§ Source data:
┏━━
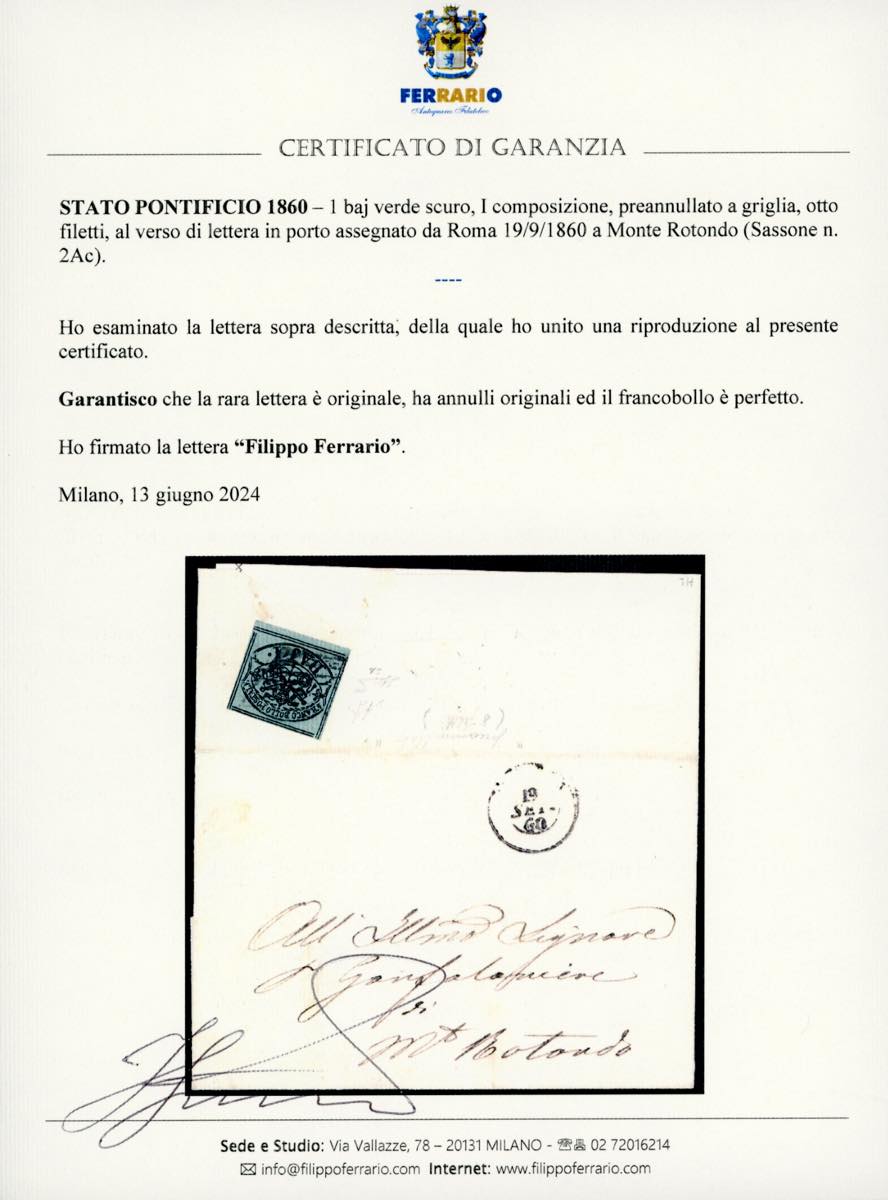 1860 - 1 baj verde scuro, I composizione, preannullato a griglia, otto filetti (2Ac), perfetto, al verso di lettera in porto assegnato da Roma 19/9/1860 a Monte Rotondo. Molto rara e di ottima qualità. A.Diena, cert. Ferrario.
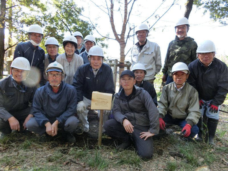 美原里山地区(羽村市)の緑地整備保全事業。ハクモクレンの植樹や花壇整備、草刈り、枝打ち等の多様な活動を行いました。
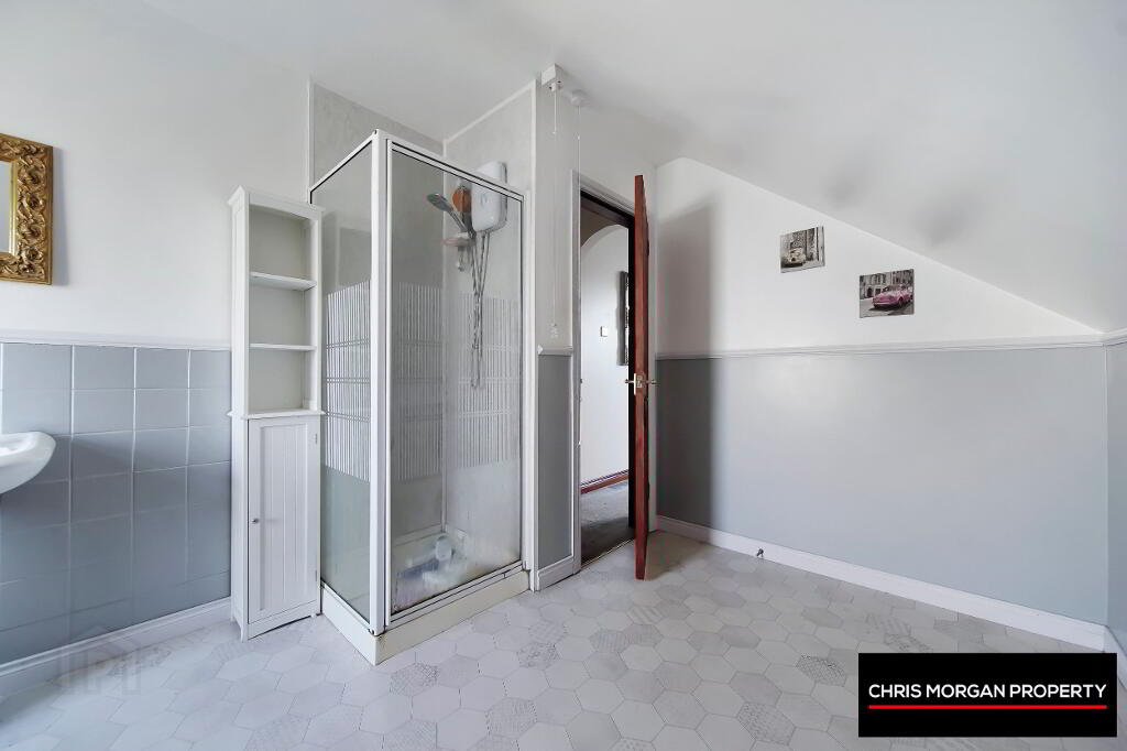 LAMINATE FLOOR COVERING, TILED WALLS, WC, WHB, SHOWER, SINGLE RADIATOR, WALL SOCKETS, BUILT IN STORAGE SPACE
┗━━
§ Instructions to follow: The material is to be written out word for word, and the pictures are to be left out.

§ The completed task:
 1860 - 1 baj verde scuro, I composizione, preannullato a griglia, otto filetti (2Ac), perfetto, al verso di lettera in porto assegnato da Roma 19/9/1860 a Monte Rotondo. Molto rara e di ottima qualità. A.Diena, cert. Ferrario.
 美原里山地区(羽村市)の緑地整備保全事業。ハクモクレンの植樹や花壇整備、草刈り、枝打ち等の多様な活動を行いました。
 LAMINATE FLOOR COVERING, TILED WALLS, WC, WHB, SHOWER, SINGLE RADIATOR, WALL SOCKETS, BUILT IN STORAGE SPACE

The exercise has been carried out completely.